The UK probiotic market is worth over £500 million — but there is something most consumers do not know
The European Food Safety Authority (EFSA) has never approved a single health claim for any probiotic product. Not one. Every application submitted — and there have been hundreds — has been rejected for insufficient evidence.
This means that in the UK and EU, no probiotic supplement can legally claim to "support gut health," "improve digestion," or "boost immunity." The word "probiotic" itself is considered an implied health claim by some EU regulators.
That does not mean probiotics are useless. It means the regulatory bar is extraordinarily high, and the evidence — while real — is more nuanced than the marketing suggests. This guide explains what probiotics are, what the clinical trial evidence actually shows, and what to look for if you decide to take one.
What are probiotics?
The internationally accepted definition comes from a joint FAO/WHO working group and was reaffirmed by an expert panel in Hill et al. (2014):
"Live microorganisms which, when administered in adequate amounts, confer a health benefit on the host."
This is a scientific definition, not a regulatory one. In the EU and UK, there is no legal definition of "probiotic" in food law, and regulators have treated the term itself as an unauthorised health claim in certain enforcement contexts.
The key elements of the definition are worth unpacking:
- Live — the organisms must be alive when consumed, which raises immediate questions about whether they survive manufacturing, shelf storage, and passage through stomach acid
- Adequate amounts — dose matters, and the effective dose varies by strain
- Health benefit — this must be demonstrated in human clinical trials for the specific strain, not assumed from the genus or species
The regulatory reality: why no probiotic claim has been approved
Between 2008 and 2012, EFSA assessed hundreds of health claim applications for probiotics. All were rejected. The EFSA Register of nutrition and health claims contains no authorised claims for any probiotic strain.
The rejections were not because EFSA concluded probiotics are ineffective. The primary reasons were:
- Insufficient characterisation — many applications did not adequately identify the specific strain being studied
- Cause and effect not established — EFSA required a clear causal mechanism linking the strain to the claimed benefit, not just an association
- Study quality — many supporting studies had methodological limitations, small sample sizes, or lacked appropriate controls
As Rijkers et al. (2013) analysed in their review of EFSA opinions, the authority applied a pharmaceutical-level evidence standard to food-category products — a standard that even some well-established nutritional science struggles to meet.
The practical consequence is stark: clinical trial evidence for specific probiotic strains exists and continues to grow, but none of it can be communicated to consumers through product marketing in the UK. This is why transparency about what the evidence does and does not show matters more than ever.
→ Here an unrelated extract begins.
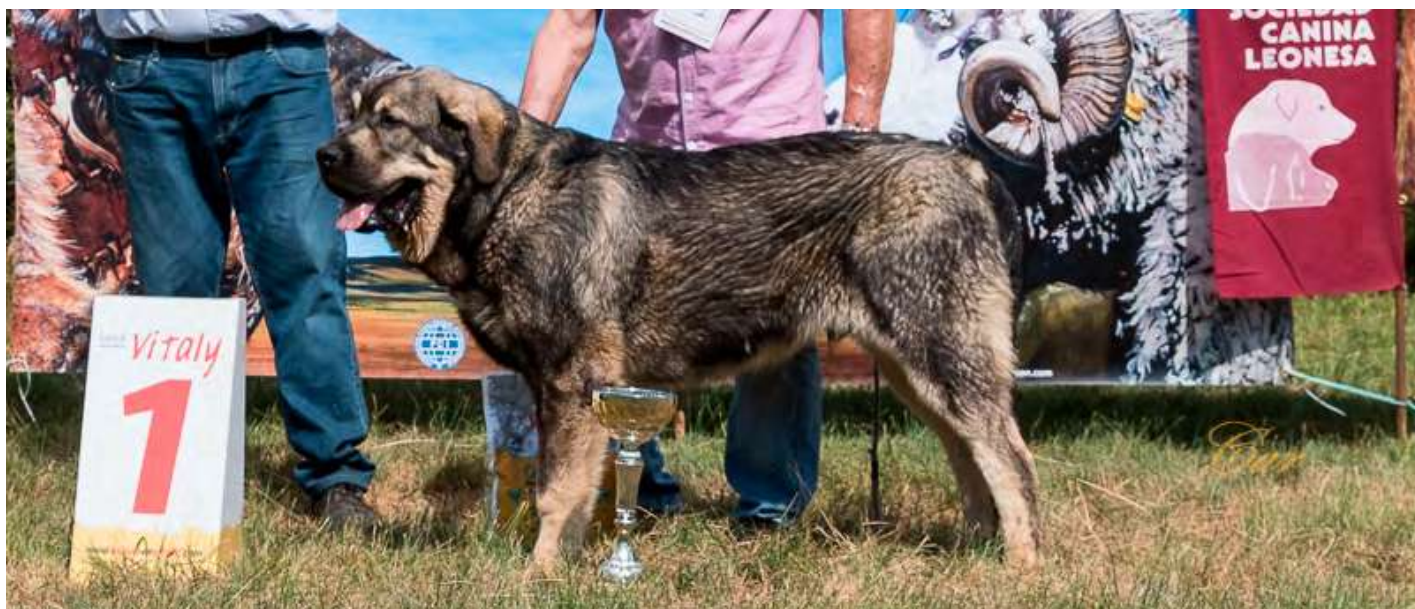
PODIUM CACHORRO ABSOLUTO

What does the clinical evidence show?
The single most important principle in probiotic research is that evidence is strain-specific. Two strains within the same species can have completely different clinical profiles. Sanders et al. (2018) reviewed the mechanisms by which probiotics may exert effects and emphasised that while some mechanisms are shared across taxa, strain-level identification is essential for clinical claims.
This means "Lactobacillus acidophilus" on a label tells you almost nothing. You need to know which Lactobacillus acidophilus — the specific strain designation — and whether that strain has been studied in clinical trials for the outcome you care about.
Areas with the strongest clinical trial evidence
The following areas have the largest body of randomised controlled trials, though the strength of evidence varies by strain and condition:
- Antibiotic-associated diarrhoea — several strains have been studied in systematic reviews, with some showing statistically significant reductions in diarrhoea incidence during antibiotic courses
- Irritable bowel syndrome (IBS) — multiple strains have been tested in RCTs. Results are mixed overall, but certain strains show consistent effects in specific IBS subtypes. Majeed et al. (2016) found that Bacillus coagulans MTCC 5856 significantly reduced clinical symptoms including bloating, abdominal pain, and stool frequency in diarrhoea-predominant IBS patients in a double-blind, placebo-controlled trial
- Functional bloating and gas — Majeed et al. (2023) conducted a randomised, double-blind, placebo-controlled trial of Bacillus coagulans MTCC 5856 (2 billion spores per day) in 66 adults with functional gas and bloating, reporting significant improvements in the probiotic group compared to placebo over four weeks
- Functional abdominal pain in children — Saneian et al. (2015) studied a synbiotic containing Bacillus coagulans Unique IS-2 with fructo-oligosaccharides in 115 children, finding a higher response rate in the treatment group (60%) compared to placebo (39.5%) at four weeks
It is important to note that these are individual study findings. They do not constitute authorised health claims, and no probiotic can legally be marketed for these outcomes in the UK.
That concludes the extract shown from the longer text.